The State of The Art of AI In Industry and Data Annotation At The End of 2022
Artificial Intelligence has been adopted by about half of all businesses and organizations, according to the McKinsey Global Survey on AI. There is also a lot of new adoption of AI, a lot of companies and people who didn't use AI before and do now. There have been a lot of improvements made in AI and important features of AI products such as computer vision. That has made AI more useful. More use cases have caused organizations to embrace and embed AI capabilities into their operations.
The most common use case where AI has been adopted is production efficiency improvement. Robotic process automation in manufacturing and logistics is big. The use of computer vision is also increasingly popular. AI in robotics often uses computer vision, and to create or improve such an AI, robotics data annotation is essential.
Another trend is the deployment of virtual agents and conversational interfaces, commonly known as chatbots. Likewise, Generative Adversarial Networks, aka GANs, have improved and are used more in deep learning models. That has led to some controversial AI applications, like those that help write articles for news sources. The most famous example is probably OpenAI's Chat GPT.
The most controversial recent trends in 2022 are AI applications that generate art. We know that AI art is art because it makes some people mad and causes such controversies. AI that creates content is still on the rise and has a long way to go before it's able to match the creativity of humans. AI art content is still a novelty and has democratized art by allowing anyone to create something they think is good. Still, such programs won't replace human artists and writers. Rather it provides additional tools to create more and better content.
Over the past few years, a few winners have emerged. Some companies have made much more money than others in the field of artificial intelligence. Those winners have been more capable of attracting and retaining top talent from places like the best universities. They've also been able to invest more in their employees' continued education, training, and careers. That means that they also offer more promotions from within.
There is a growing divide between the best and all the rest. One reason for that is there is a very real shortage of qualified talent to recruit. Another reason is that people who simply went through a coding boot camp to learn are overlooked. The same for those who just started collecting certifications. Those who are self-taught are often passed over too. Due to these recruiting woes, outsource data annotation services are more critical than ever.

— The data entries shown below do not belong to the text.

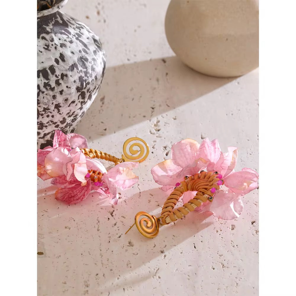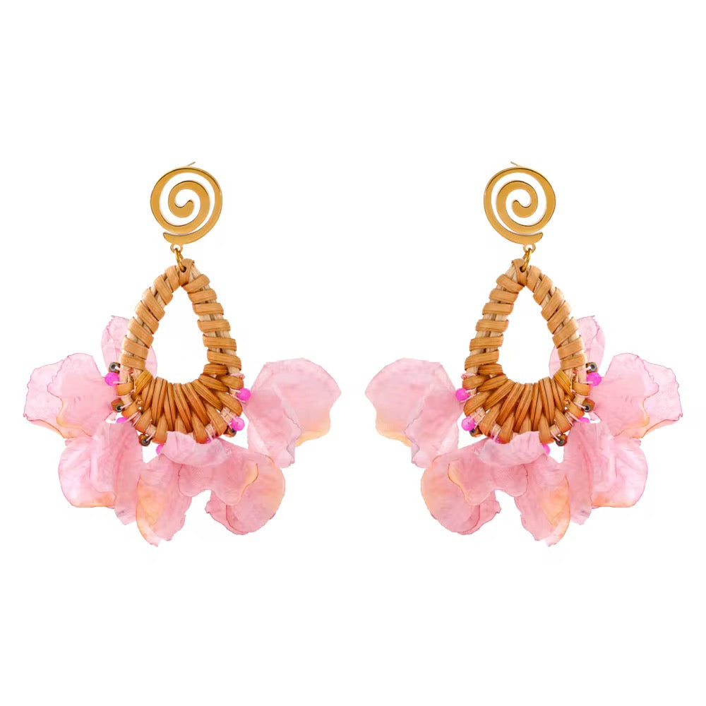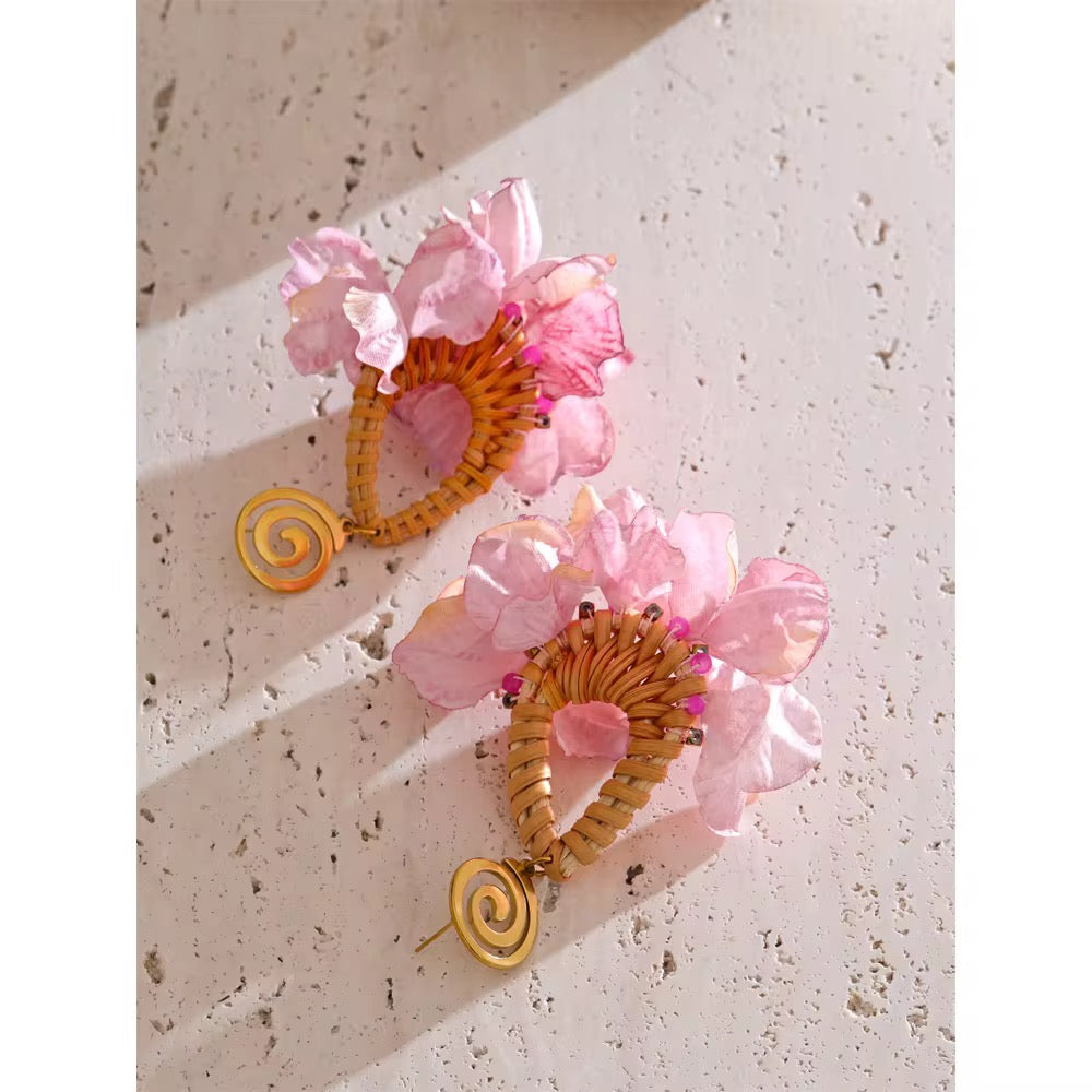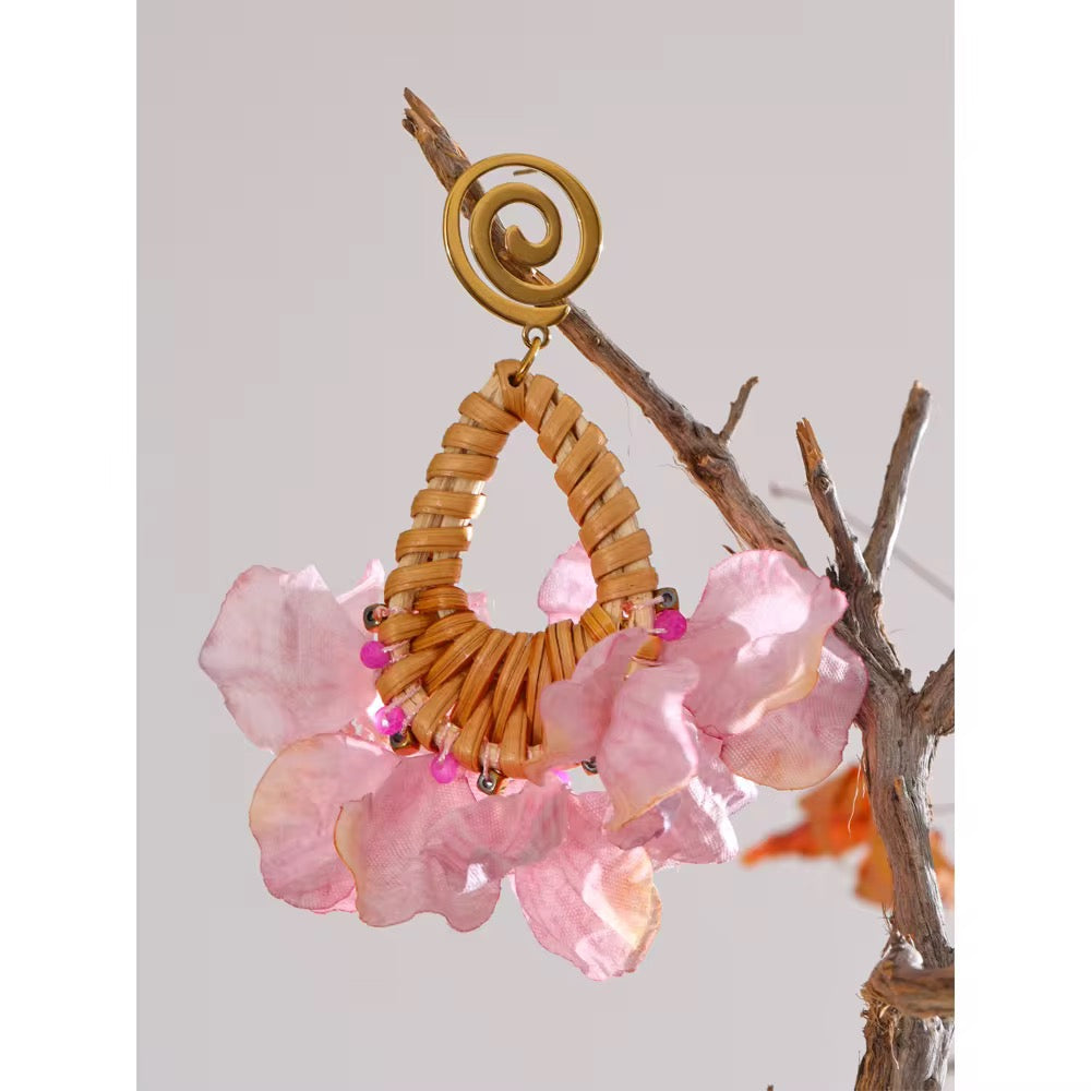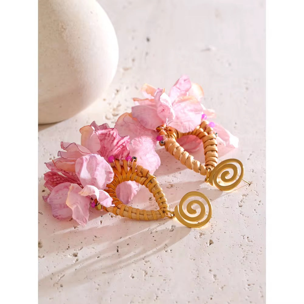 Handmade with natural rattan and delicate fabric petals, this floral-inspired earring features vibrant pink beads and a bold gold-tone spiral top. Finished with 18k gold-plated stainless steel for lasting shine. Lightweight, eye-catching, and perfect for sunny escapes.
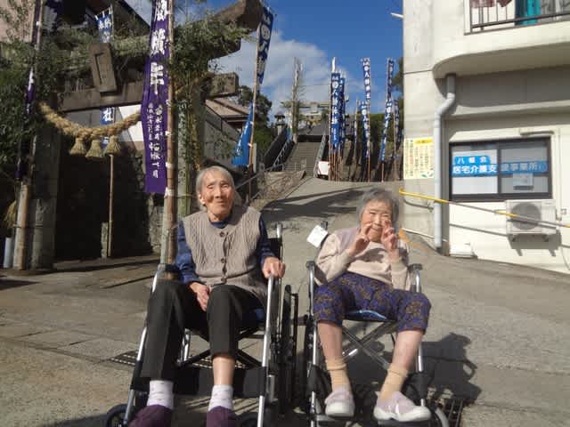 大祭前の神社を見に行きたいと入居者さんが希望され見に行きました。 地元の入居者さんは「昔を思い出す」と喜ばれていました。
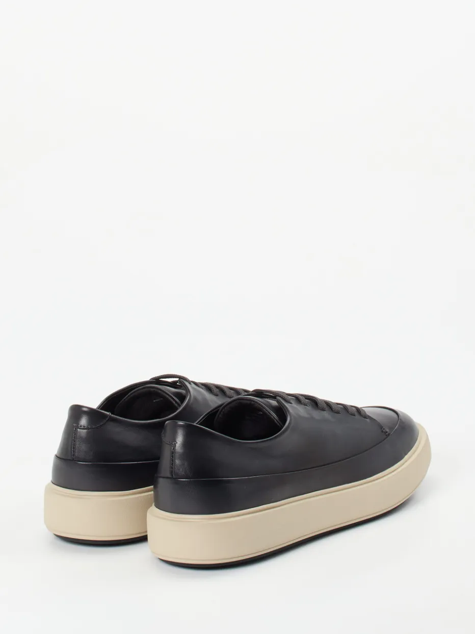 Dieser Low-Top-Sneaker verbindet luxuriöses Lammleder mit minimalistischer Formsprache und monochromem Kontrast. Ideal für stilbewusste Looks zwischen Streetstyle und Business-Casual.

Because of the increased adoption of AI and automation, investment in AI has also increased. Of course, the biggest winners have the most capital and make the largest investments in using AI or in the research and development of AI. The best AI data annotation services have also pulled ahead of their competition. All of that increased interest and investment means that the best AI companies are becoming even better. They are improving their technology and their services.
All of the increased investment also means that there is a higher demand for qualified people to work. There are more AI company start-ups and more demand for qualified talent with AI skills. There is also more room in the markets for AI company start-ups. New businesses need all the help that they can get. So, you should know that we provide data annotation for start-ups at affordable rates.
Trends in AI and Data Annotation
- Increased adoption of AI and Automation in a wide variety of industries.
- Increased investment in both using AI and in research and development of AI.
- Increased demand for top talent has created problems in recruiting and made outsourcing more critical than ever.
- A growing difference between the very best and all the rest.
- New and improved AI applications and features of AI technology, such as computer vision.
- Big data is growing an awful lot bigger.
- Improvements in GANs have led to new controversial AI content-generating applications for writing and art. One way we know that AI art is real art is because it is controversial.
The Future of AI and Data Annotation in 2023 and Beyond
There is a common saying, "The trend is your friend." You can try and more accurately predict the future by following the trend lines and extrapolating from the available data. Of course, it is important to say that past performance is no guarantee of future results. With this in mind, we can provide some predictions with confidence.
Big data will only continue to increase, exceeding humanity's ability to annotate or consume it manually. As a result, large-scale data annotation will be critical, and more data annotation will have to be automated. Machine learning models will greatly benefit from this, which means AI products and services will improve.
The race to put a widely accepted, street legal self-driving car will speed up and intensify. Autonomous vehicles have been promised to us in science fiction and popular TV shows such as Knight Rider. Will 2023 bring us a great, fully autonomous self-driving car? If it does not happen next, it is bound to happen sometime in the near future.
AI adoption will continue to increase, so much more can be automated, and it will be. Anything that increases productivity and efficiency while decreasing costs is a sure winner. That is exactly what AI does best. While some say that we have reached the end of Moore's Law, the computers and specialized hardware needed to develop and run AI will improve too.
Various supply chain problems may well continue into 2023. Hardware prices will go higher because of increased demand and inflation. One bright side is that computer storage like hard drives and fast solid state drives will continue to get faster, increase capacity and still come down in price.
We may see fewer or "no code" programs to help create an AI application. That will democratize AI development. However, they probably won't replace the hard work of computer programmers, data scientists, engineers, and data annotators. Instead, it will increase interest in and accessibility to AI. As a result, AI data annotation outsourcing will be more in demand and essential as the largest, most successful companies raise the bar.